InodeMap does not hold a reference to the inodes it contains. Otherwise, it would never be possible to unload or destroy any inodes. Instead, the InodeMap holds raw pointers to inode objects. When Inode objects are unloaded they are always explicitly removed from the InodeMap's list of loaded inodes.
A TreeInode does not hold a reference to any of its children. Otherwise, this would cause circular reference, since each child holds a reference to its parent TreeInode. The TreeInode is always explicitly informed when one of its children inodes is unloaded, so it can remove the raw pointer to the child from its child entries map.

Inode Lookup

Inodes may be looked up in one of two ways, either by name or by inode number. TreeInode::getOrLoadChild() is the API for doing inode lookups by name, and InodeMap::lookupinode() is the API for doing inode lookups by inode number.

Either of these two APIs may have to create the inode object. Alternatively, if the specified inode already exists, they will increment the reference count to the existing object and return it.

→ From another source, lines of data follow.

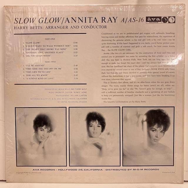 ・米オリジナル、Dg Mono。シュリンク付きカバー。盤面a2a3b3に大きく・ない薄い砂傷、他は良好。ジャズ・シンガー、アニタ・レイ の62年発表作品。ハリー・ベッツ 等参加です。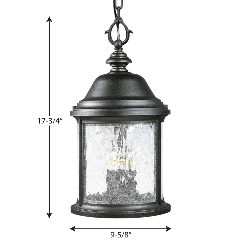 Inspired by lanterns from the Old World, the Ashmore collection incorporates handsome details, quill-scrolled arms and decorative finials. The water seeded glass is in a die-cast aluminum frame. The three-light hanging lantern. Textured Black finish.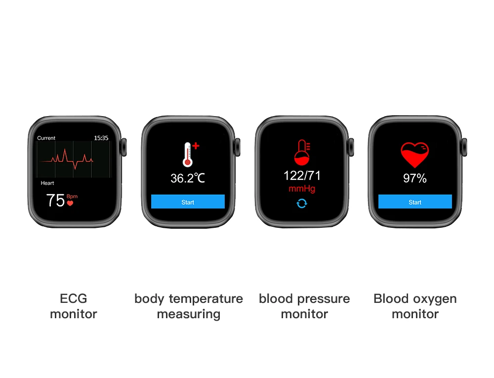 Health monitoring: heart rate / blood pressure / blood oxygen / ECG / body temperature measurement, sedentary reminder, sleep monitoring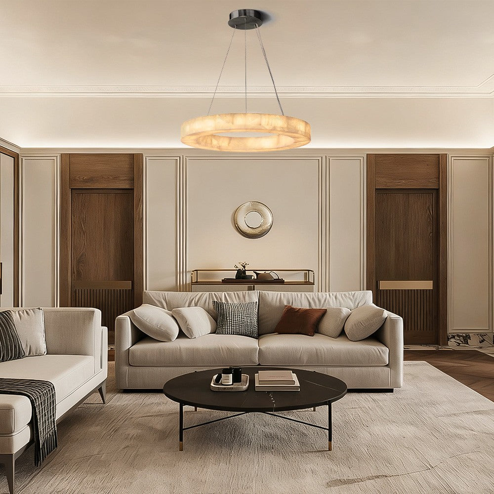 Alabaster Riven Round Chandelier 31″D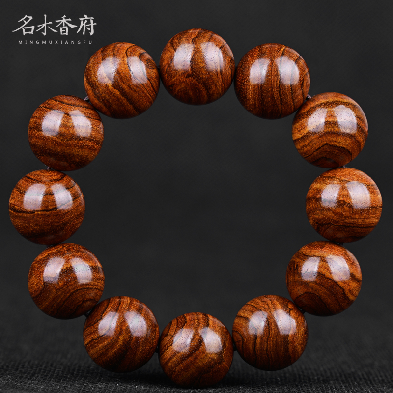 名木香府海南黄花梨老料山水纹虎皮纹手串手链佛珠海黄男女款 木珠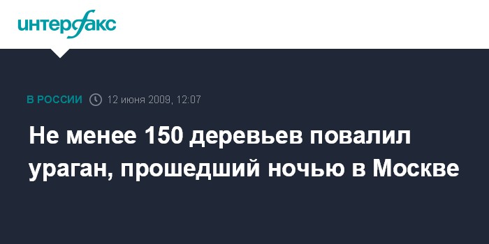 Москва. 12 июня. INTERFAX.RU - В российской столице около 150 деревьев были повалены ураганным ветром вечером в четверг и в ночь на пятницу, сообщил "Интерфаксу" источник в городских структурах.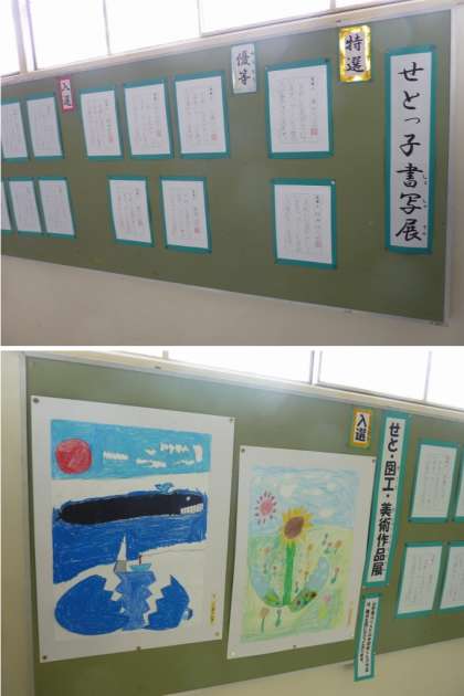 まるっとせとっ子フェスタ出品作品が、校内に展示されています。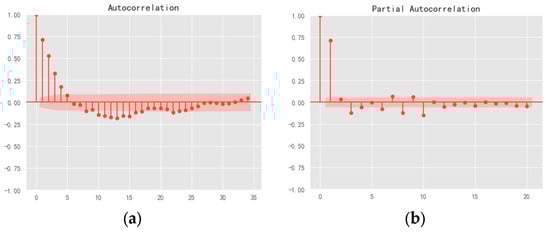 The ACF diagram and PACF diagram are as follows (Figure 7):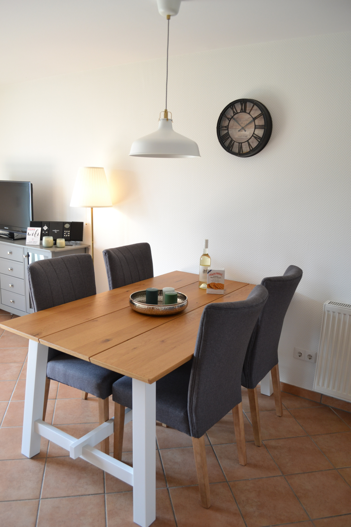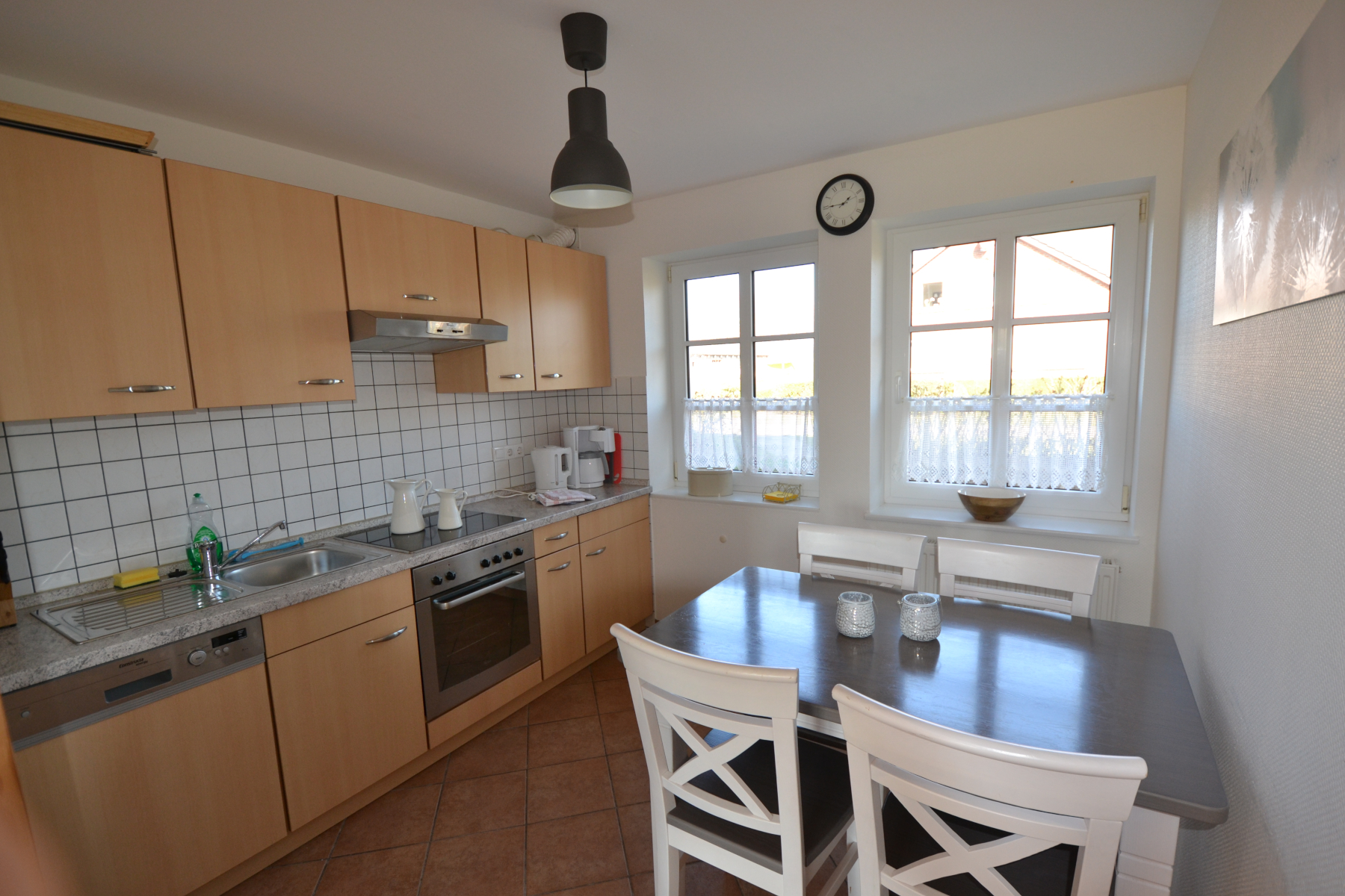 Im Erdgeschoss einer jeden Wohnung befindet sich eine geräumige Küche sowie ein großer, gemütlicher Wohnraum, eine Eingangsdiele und ein kleines WC. Die Schlafräume und das Bad befinden sich im Dachgeschoss. In der Galerie könnt Ihr euch einen kleinen Eindruck von den Ferienwohnungen verschaffen.

It is possible the inode is already present in the InodeMap, but was previously unreferenced, so these APIs may increment the reference count from 0 to 1.

Simultaneous Lookups

The InodeMap class keeps track of all currently loaded inodes as well as information about inodes that have inode numbers allocated but are not loaded. For each unloaded inode, InodeMap records if it is currently being loaded. This allows InodeMap to avoid starting two load attempts for the same inode. If a second lookup attempt occurs for an inode already being loaded, InodeMap handles notifying both waiting callers when the single load attempt completes.

Inode Unloading

Inode unloading can be triggered by several events:

Inode reference count going to zero

When the inode reference count drops to zero, we have a chance to decide if we want to unload the inode or not.

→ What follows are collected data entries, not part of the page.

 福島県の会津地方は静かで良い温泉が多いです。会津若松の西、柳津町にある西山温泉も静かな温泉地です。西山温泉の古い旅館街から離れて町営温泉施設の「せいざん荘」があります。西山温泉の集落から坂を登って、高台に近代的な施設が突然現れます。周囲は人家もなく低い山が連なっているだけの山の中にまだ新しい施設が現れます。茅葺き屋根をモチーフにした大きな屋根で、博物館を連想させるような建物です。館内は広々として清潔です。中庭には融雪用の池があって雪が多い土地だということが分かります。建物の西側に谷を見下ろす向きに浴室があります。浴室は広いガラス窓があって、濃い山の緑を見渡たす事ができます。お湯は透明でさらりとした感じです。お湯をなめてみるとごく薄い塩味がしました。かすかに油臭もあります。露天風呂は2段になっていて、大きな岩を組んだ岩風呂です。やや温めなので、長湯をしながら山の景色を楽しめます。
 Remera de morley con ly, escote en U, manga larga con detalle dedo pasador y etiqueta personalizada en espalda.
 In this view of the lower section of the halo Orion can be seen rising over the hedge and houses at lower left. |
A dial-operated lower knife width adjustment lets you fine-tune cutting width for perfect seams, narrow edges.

When shutting down the mount point, we always destroy each inode as soon as its reference count goes to zero.

If the inode is unlinked and its FUSE reference count is also zero, we also destroy the inode immediately.

In other cases we generally leave the inode object loaded, but it would be valid to decide to unload it based on other criteria (for instance, we could decide to immediately unload unreferenced inodes if we are low on memory).

FUSE reference count going to zero

When the FUSE reference count goes to zero, we should destroy the inode immediately if it is unlinked and its pointer reference count is also zero.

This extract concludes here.